• _Material for this exercise_:
+-------+
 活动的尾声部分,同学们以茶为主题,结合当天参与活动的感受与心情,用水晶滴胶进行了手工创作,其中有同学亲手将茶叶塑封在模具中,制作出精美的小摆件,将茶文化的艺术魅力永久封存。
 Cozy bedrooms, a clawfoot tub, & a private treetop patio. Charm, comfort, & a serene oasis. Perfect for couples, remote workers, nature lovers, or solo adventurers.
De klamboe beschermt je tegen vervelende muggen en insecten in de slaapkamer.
+-------+
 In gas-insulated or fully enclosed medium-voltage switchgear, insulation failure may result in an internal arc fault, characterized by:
+-------+
• _Work order_:
The entries above hold a line with "Cozy bedrooms, a" and a later line with "De klamboe beschermt". Write out exactly those lines and all lines between, nothing more.

• _Answer to this problem_:
 Cozy bedrooms, a clawfoot tub, & a private treetop patio. Charm, comfort, & a serene oasis. Perfect for couples, remote workers, nature lovers, or solo adventurers.
De klamboe beschermt je tegen vervelende muggen en insecten in de slaapkamer.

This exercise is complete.